Like the SuperShuttle standard, the Board majority’s new standard recognizes that “no one factor [is] decisive” and “there is no shorthand formula or magic phrase that can be applied to find the answer” to whether a worker is an independent contractor or an employee under the NLRA. But missing from this new standard is any “animating principle by which to evaluate” the common-law factors “in cases where some factors cut one way and some the other.” That evaluation is left to the Board under the new standard.

Whether a court would defer to the Board’s discretion in making a choice between two conflicting factors, particularly in light of the flip-flopping standards over the past few decades, has yet to be seen. However, several courts have recognized that the Board’s status determinations—including whether a worker is an “independent contractor” or an “employee”—are not given great or even normal deference.

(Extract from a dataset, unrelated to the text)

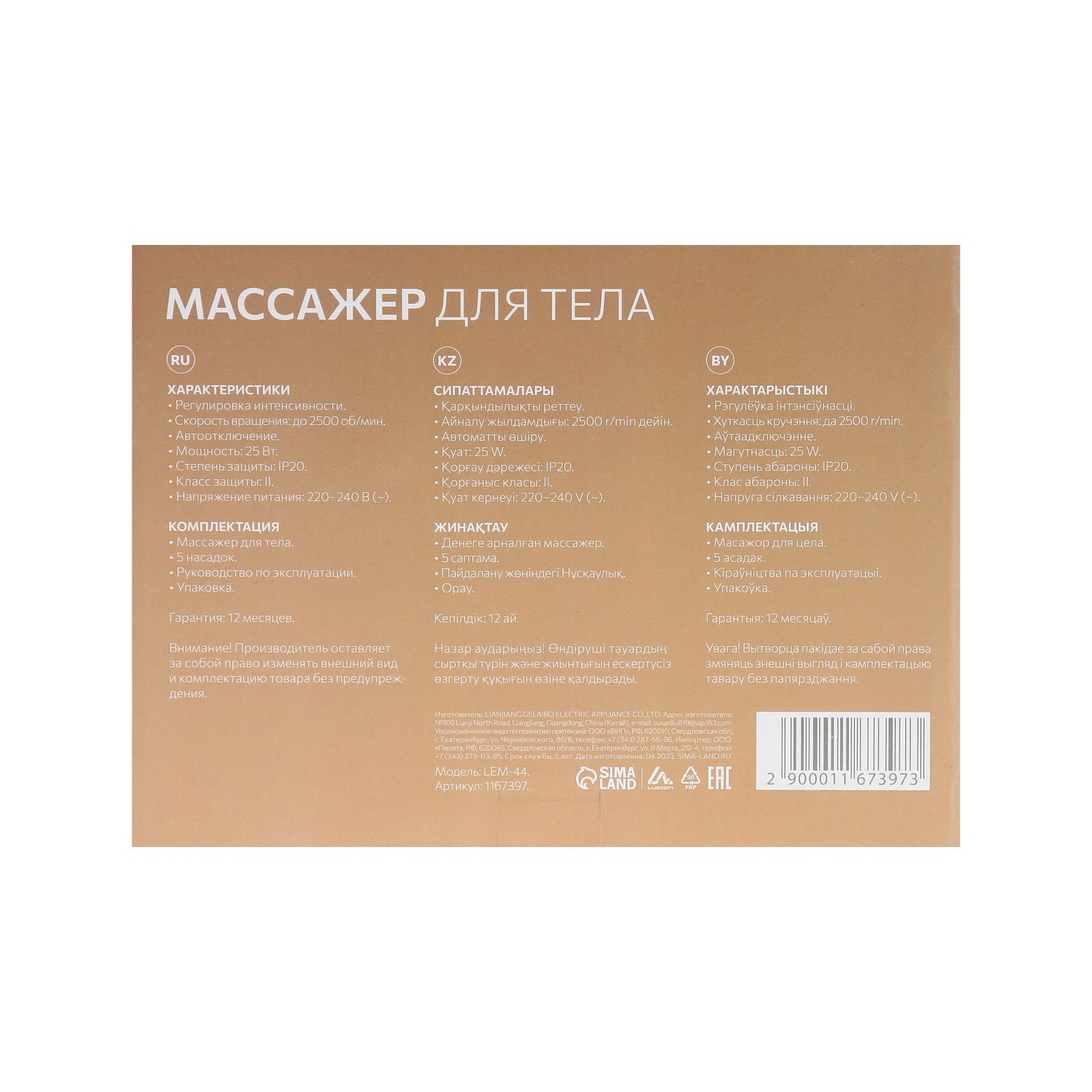 Цвет: Белый, Синий Вид массажа: Антицеллюлитный, Роликовый Размер упаковки: 18.5 x 11 x 25.5 см. Тип массажёра: Массажёр с ручкой Область применения: Для тела Продуваемая расчёска: Нет Тип питания: От сети 220 В tnved: 9019101000 Гарантийный срок, мес.: 12 Количество насадок: 5 Количество режимов: 1 Товар Каспи: Вибромассажеры Автоматическое отключение: Нет Инфракрасный прогрев: Нет Массажер для тела Luazon LEM-44 с функциями роликового и антицеллюлитного массажа поможет расслабиться после тяжелого трудового дня и проработать проблемные зоны. В комплекте с устройством есть несколько типов насадок, которые позволяют эффективно воздействовать на разного рода проблемы: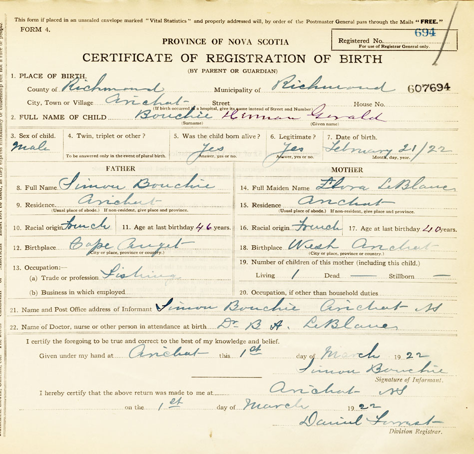 22. Name of Doctor, nurse or other person in attendance at birth Dr. B.A. LeBlanc

The test set forth in Atlanta Opera creates a further level of complexity for businesses that regularly use independent contractors as part of their business model and, if ultimately upheld, will require companies to reconcile that standard against the tapestry of other legal tests for determining worker status, including the soon-to-be-issued final rule from the U.S. Department of Labor under the Fair Labor Standards Act.